== Task directions ==
In the entries that follow, repeat exactly the lines from the one that has "Спортивный инвентарь, коврик" through the one that has "- 【終了しました】小学生のためのおはなし会&ミニ工作会・秋【2025年10月26日】 2025年10月7日", but omit pictures.

(Dataset entries)
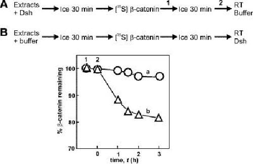 Figure 3. Preincubation of Dsh in Xenopus Egg Extracts Abolishes the Lag in Dsh ActivityLabeled β-catenin was incubated in Xenopus extracts on ice 30 min prior to (B) or 30 min after (A) the extract had been preincubated with 1 μM Dsh. No degradation of the labeled β-catenin was detected while the reactions were on ice. The reactions were started by shifting to 20°C.
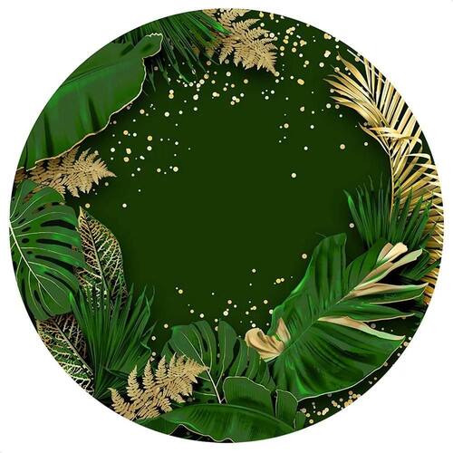 Painel Redondo Sublimado 1,5m Festa Tecido Elástico Fácil - Folhagem Dourada Painel Redondo Para Decoração de Festa Sublimado Em Tecido 1,50 de Diâmetro
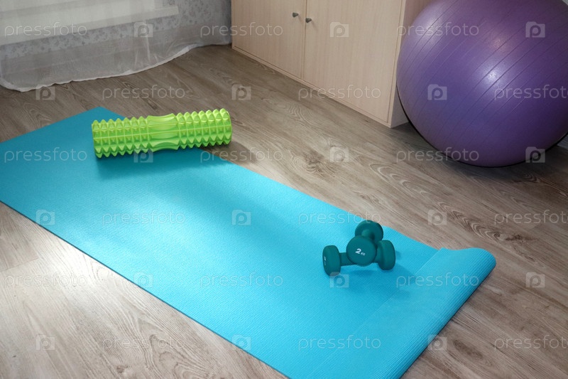 Спортивный инвентарь, коврик для йоги с загнутым краем, гантели, рол и фитбол у шкафа в комнате
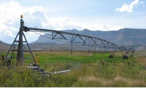 El sistema de riego pasó a ser del estilo de pivote de centro. En este caso hubo un pozo cavado en un extremo del campo (que recoge el agua). Se bombea agua de la charca, hacia fuera al centro del campo por medio de 8" pipa de la irrigación (puesto en el suelo) a la pivote central. A partir de ahí las múltiples secciones sobre ruedas, todos conectados juntos pivote (extremo a extremo) alrededor del punto pivote, haciendo un círculo completo.
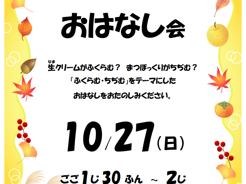 - 【終了しました】小学生のためのおはなし会&ミニ工作会・秋【2025年10月26日】 2025年10月7日
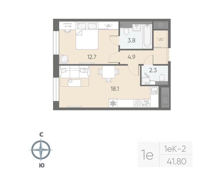 Продаётся 1-комнатная квартира в ЖК "Большая Охта" на 4 этаже. Общая площадь составляет 41.80 кв. м. Квартира с white box отделкой. Жилой комплекс "Большая Охта" располагается по адресу Санкт-Петербург, Красногвардейский.
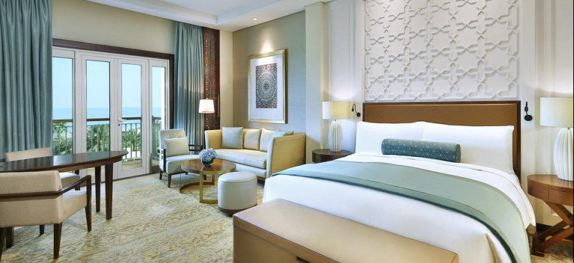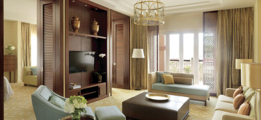 One Bedroom Gulf Suite (110 кв. м + балкон) – люкс с King Size кроватью, отдельной гостиной, столовой зоной, балконом и видом на сад. Включает гардеробную, мраморную ванную комнату с ванной и душем, биде, двойным умывальником. Максимальное размещение — 4 человека (с одной раскладной кроватью или одной детской кроваткой).
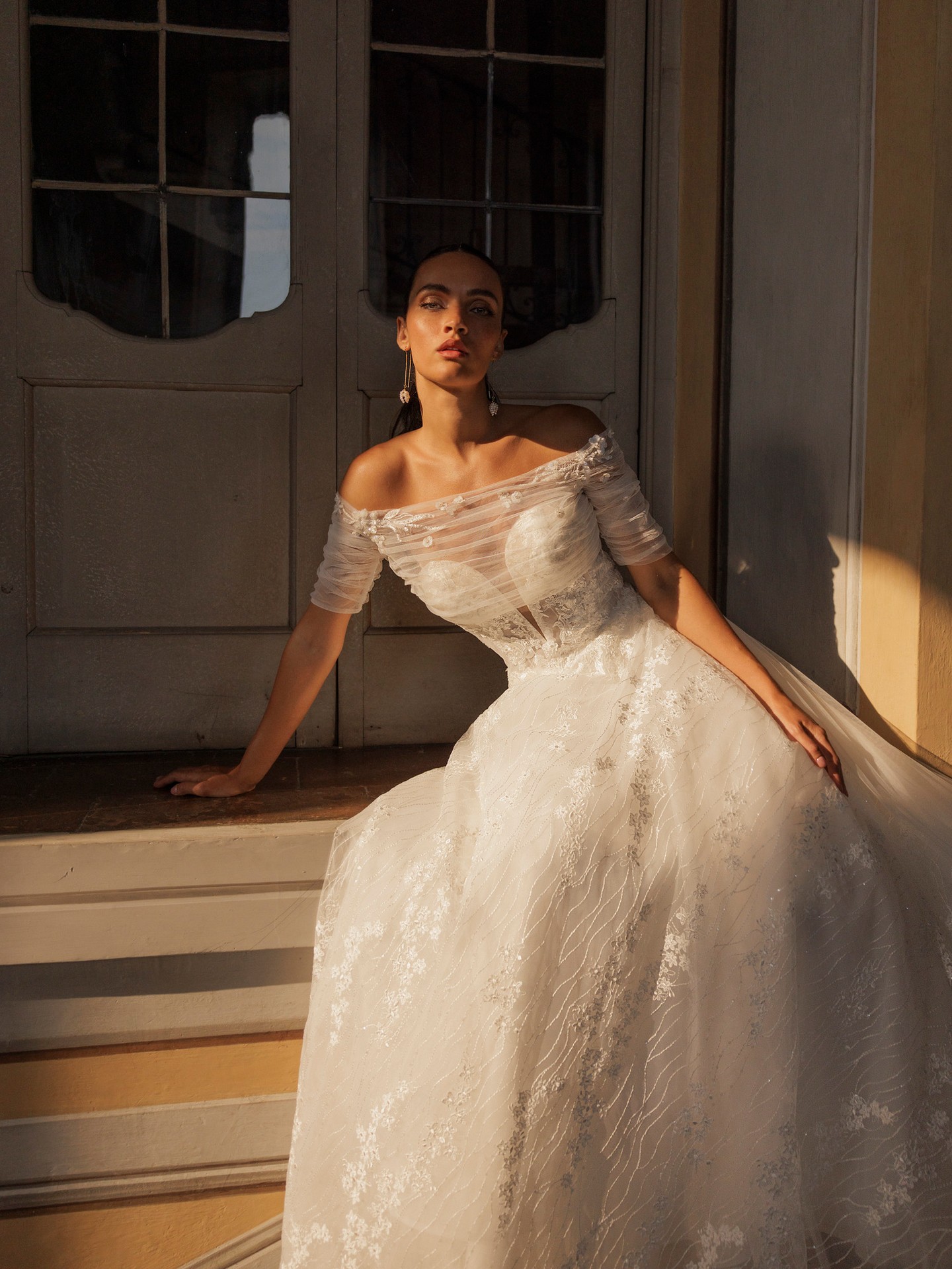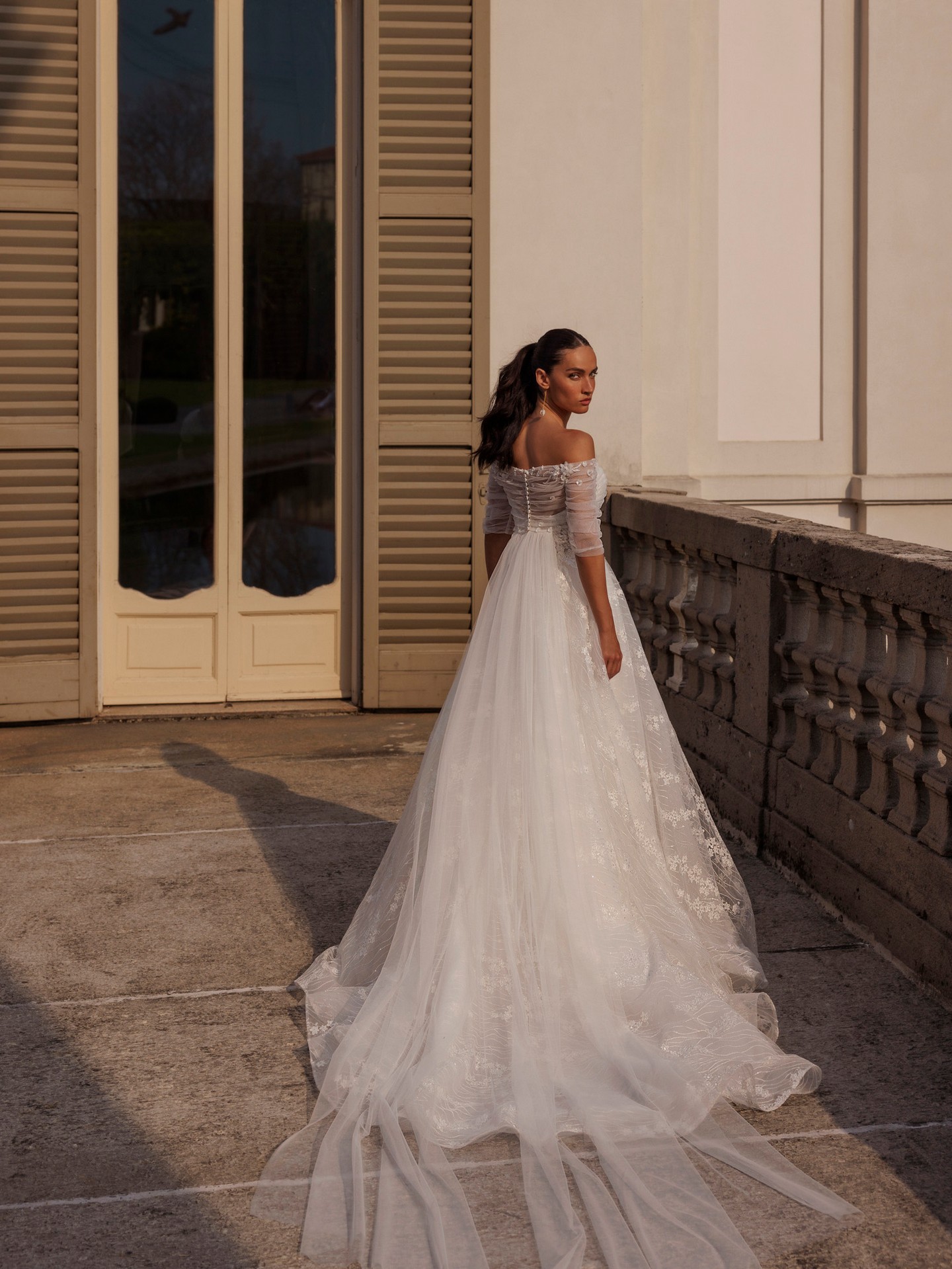 Optional off-the-shoulder tulle sleeves for a romantic second look

== Finished exercise ==
 Спортивный инвентарь, коврик для йоги с загнутым краем, гантели, рол и фитбол у шкафа в комнате
 El sistema de riego pasó a ser del estilo de pivote de centro. En este caso hubo un pozo cavado en un extremo del campo (que recoge el agua). Se bombea agua de la charca, hacia fuera al centro del campo por medio de 8" pipa de la irrigación (puesto en el suelo) a la pivote central. A partir de ahí las múltiples secciones sobre ruedas, todos conectados juntos pivote (extremo a extremo) alrededor del punto pivote, haciendo un círculo completo.
 - 【終了しました】小学生のためのおはなし会&ミニ工作会・秋【2025年10月26日】 2025年10月7日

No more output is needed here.